**THE PROBLEM**
Somewhere below are a line with "boatyards. The John" and a later line with "Nach 365 Tagen". Output exactly those lines and all lines between them.

**MATERIAL FOR THIS TASK**
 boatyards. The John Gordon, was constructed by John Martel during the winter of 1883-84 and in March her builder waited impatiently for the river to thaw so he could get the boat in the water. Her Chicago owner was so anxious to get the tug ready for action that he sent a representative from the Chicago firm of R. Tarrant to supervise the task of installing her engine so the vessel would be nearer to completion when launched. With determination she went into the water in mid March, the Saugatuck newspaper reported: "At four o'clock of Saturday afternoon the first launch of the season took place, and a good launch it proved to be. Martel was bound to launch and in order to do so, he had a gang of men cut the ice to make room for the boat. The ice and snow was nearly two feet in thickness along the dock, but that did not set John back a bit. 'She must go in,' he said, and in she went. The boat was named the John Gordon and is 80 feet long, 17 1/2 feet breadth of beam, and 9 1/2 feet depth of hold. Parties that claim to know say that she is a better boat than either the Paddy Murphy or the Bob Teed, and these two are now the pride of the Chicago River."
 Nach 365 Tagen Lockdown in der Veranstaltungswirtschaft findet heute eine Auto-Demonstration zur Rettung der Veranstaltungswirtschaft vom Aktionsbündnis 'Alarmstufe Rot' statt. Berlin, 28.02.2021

--

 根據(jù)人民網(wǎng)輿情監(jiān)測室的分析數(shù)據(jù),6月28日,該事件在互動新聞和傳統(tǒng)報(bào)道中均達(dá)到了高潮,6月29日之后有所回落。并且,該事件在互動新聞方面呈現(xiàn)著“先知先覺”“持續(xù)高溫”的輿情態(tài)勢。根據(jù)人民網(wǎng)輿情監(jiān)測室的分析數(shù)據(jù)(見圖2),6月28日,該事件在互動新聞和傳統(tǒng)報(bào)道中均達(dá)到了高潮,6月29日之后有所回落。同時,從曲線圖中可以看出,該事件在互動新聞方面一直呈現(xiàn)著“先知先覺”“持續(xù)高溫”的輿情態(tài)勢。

**ANSWER BOX**
 boatyards. The John Gordon, was constructed by John Martel during the winter of 1883-84 and in March her builder waited impatiently for the river to thaw so he could get the boat in the water. Her Chicago owner was so anxious to get the tug ready for action that he sent a representative from the Chicago firm of R. Tarrant to supervise the task of installing her engine so the vessel would be nearer to completion when launched. With determination she went into the water in mid March, the Saugatuck newspaper reported: "At four o'clock of Saturday afternoon the first launch of the season took place, and a good launch it proved to be. Martel was bound to launch and in order to do so, he had a gang of men cut the ice to make room for the boat. The ice and snow was nearly two feet in thickness along the dock, but that did not set John back a bit. 'She must go in,' he said, and in she went. The boat was named the John Gordon and is 80 feet long, 17 1/2 feet breadth of beam, and 9 1/2 feet depth of hold. Parties that claim to know say that she is a better boat than either the Paddy Murphy or the Bob Teed, and these two are now the pride of the Chicago River."
 Nach 365 Tagen Lockdown in der Veranstaltungswirtschaft findet heute eine Auto-Demonstration zur Rettung der Veranstaltungswirtschaft vom Aktionsbündnis 'Alarmstufe Rot' statt. Berlin, 28.02.2021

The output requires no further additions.